Yarım saat sonra derse F... isimli bir kişi geldi. Sınıfa giren kişi Micheal’ın yaptığı tüm hataları yaptı. Dersi sadece bir kişiye anlatıyormuş gibi anlattı, konuya nereden başlayacağını bilemedi. "Kitabınız" dedi. "Vermediniz" dedik. En son elinde Iphone’a bakarak tahtaya bir şeyler yazmaya çalışıyordu. Çıldırdım desem yeridir! 

O da benim hatta sınıfın yüz ifadeleri farketmiş olsa gerek; dayanamayıp Türkçe konuşmaya başladı. Fulya adlı kişi aslında bir öğretmen olmadığını sadece yönetim tarafında biri olduğunu aktardı. Biz de yukarıda saydığımız tüm sıkıntıları naif bir dil ile, sorunun kendisi ile ilgili olmadığını belirterek ifade ettik. İçeriye gidip konuşup kargaşa yaratmak yerine dilekçe yazarak tüm sorunları belirttik. Bu sırada kapıdan çıkan Fulya “Yabancı öğretmen gibi girseydim” deyince ben "kusura bakmayın az çok ingilizce biliyoruz ve Türk olduğunuz çok net anlaşılıyor” deyince akşam 17:00 gibi yarın ders için hocanın ve kitapların ayarlanmış halde olacağına dair söz verdi.
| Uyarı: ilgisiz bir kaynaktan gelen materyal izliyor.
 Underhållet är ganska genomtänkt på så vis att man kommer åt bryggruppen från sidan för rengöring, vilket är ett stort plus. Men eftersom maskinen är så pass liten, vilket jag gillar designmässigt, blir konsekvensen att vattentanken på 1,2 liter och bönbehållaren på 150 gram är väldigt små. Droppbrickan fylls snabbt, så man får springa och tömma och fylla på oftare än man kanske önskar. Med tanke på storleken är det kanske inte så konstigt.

Ben de yaşadığım bu tramvatik "deneysel ingilizce" eğitimi sonucunda eve geldim. English Time'a mail yazdım. Saat 18:00 gibi eğer yarın, 7 Şubat Pazar günü yetkin bir öğretmen ve ders kitabı sağlanmazsa paramın tamamını talep ettiğimi bildirdim. Akşam saat 21:40 gibi sekreter arayıp yarın bir ders olmayacağını belirti. Ben de paramın iadesini talep ettiğimi tekrarladım. Yarın ilgili yönetici ile konuşmak istediğimi söyledim. Pazar günü orada olmayacaklarını söylediler. Pazartesi gelmemi istediler Pazartesi gittim. Yetkili kimse yoktu. Ben de Soner adlı English Time Kadıköy Şube Müdürü olduğu iddia edilen kişinin mail adresini aldım. 3 haftadır sözlü; 3 gündür yazılı olarak kursa gönderdiğim  ve hiçbir yanıt alamdığım şikayet ve geri iade talep eden yazımı aktardım. Kimse yanıt vermedi!
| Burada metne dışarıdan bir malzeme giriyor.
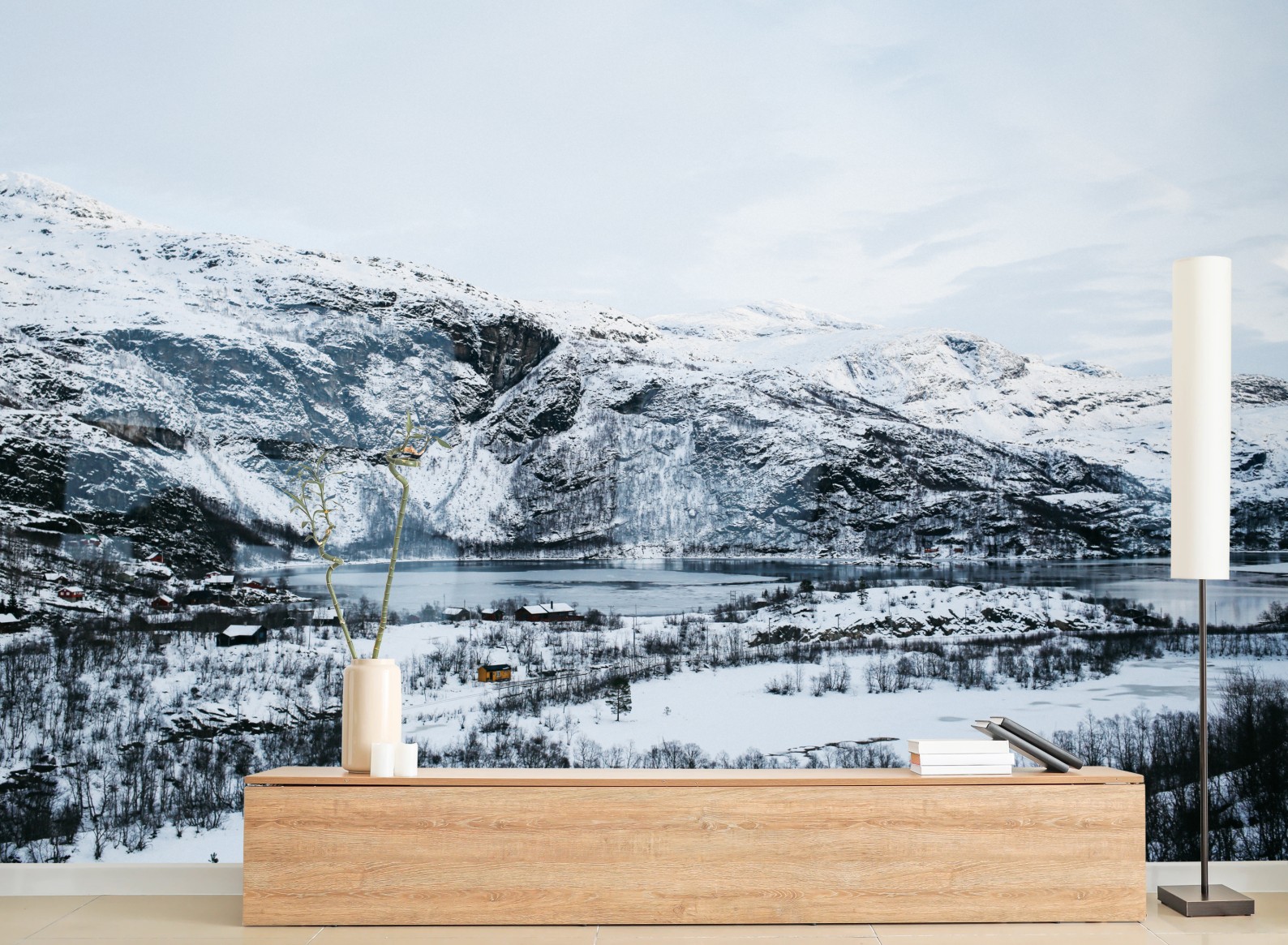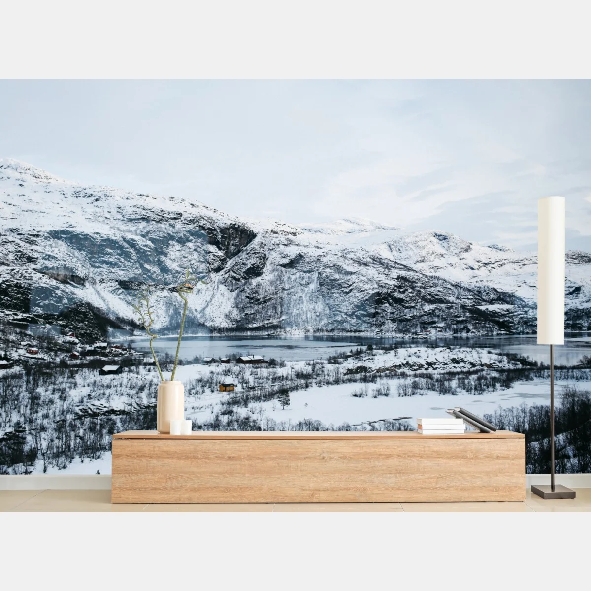 Fototapete Ruhige winterliche berglandschaft über zugefrorenem see

Ertesi gün kursu aradım, English Time Kadıköy Şube Müdürü müsait değillermiş. Bir kez daha aradım meşgul çıktı. Sonra Soner Bey beni aradı ve bir reklamcının bizzat deneyimlediği "deneysel ingilizce eğitimi veren" English Time Kadıköy şubesinin aslında çok iyi olduğunu/olacağını uzun uzadıya anlattı. Dinlenmesi gereken kişi oymuş gibi dinledim. Ben de kendilerine bana önümüzdeki ders için bu tür bir sorun yaşamayacağıma ve böyle bir durum karşısında paramın tamamını geri iade edeceklerine dair yazı istedim. Garanti edemedi. Bi düşünelim sizi arayacağız dedi. Aramadı. Onunyerine sekreter 5 hafta sonra faturanızı hazırladık dedi. Neyden korktular acaba? Neyse, ben aradım. Hukuki süreçleri başlatacağımı belirttim. Sorunumun kişilerle değil kurumla olduğunu yineledim. Yardımcı olamayacaklarını belirttim. Kuruma ttığım son mailde de yasal işlemler bitene kadar kaydımın dondurulmasını istedim. Ancak hala 5 gündür attığım maillere nedense yazılı olarak dönmediler? 

Böyle olunca, bana da English Time kurumuna okkalı bir ders vermek düştü.

Ben ilgili kişi ve kurumları BİMER'E , kaymakamlık hakem heyetine ve MEB'e şikayet ettim sizlerden talebim de kılı kırk yararak biriktirdiğiniz para ile gittiğiniz ya da çocuğunuzu gönderdiğiniz bu kurumlardaki çürümüşlüğü ilgili devlet kurumlarına şikayet etmeniz. 

Ne mi olacak diyenlerinizi duyuyorum bir yerde haklılar. Ama iyi bir eğitimcinin dediği gibi "Sen tohumu toprağa ek, vermezse toprak utansın".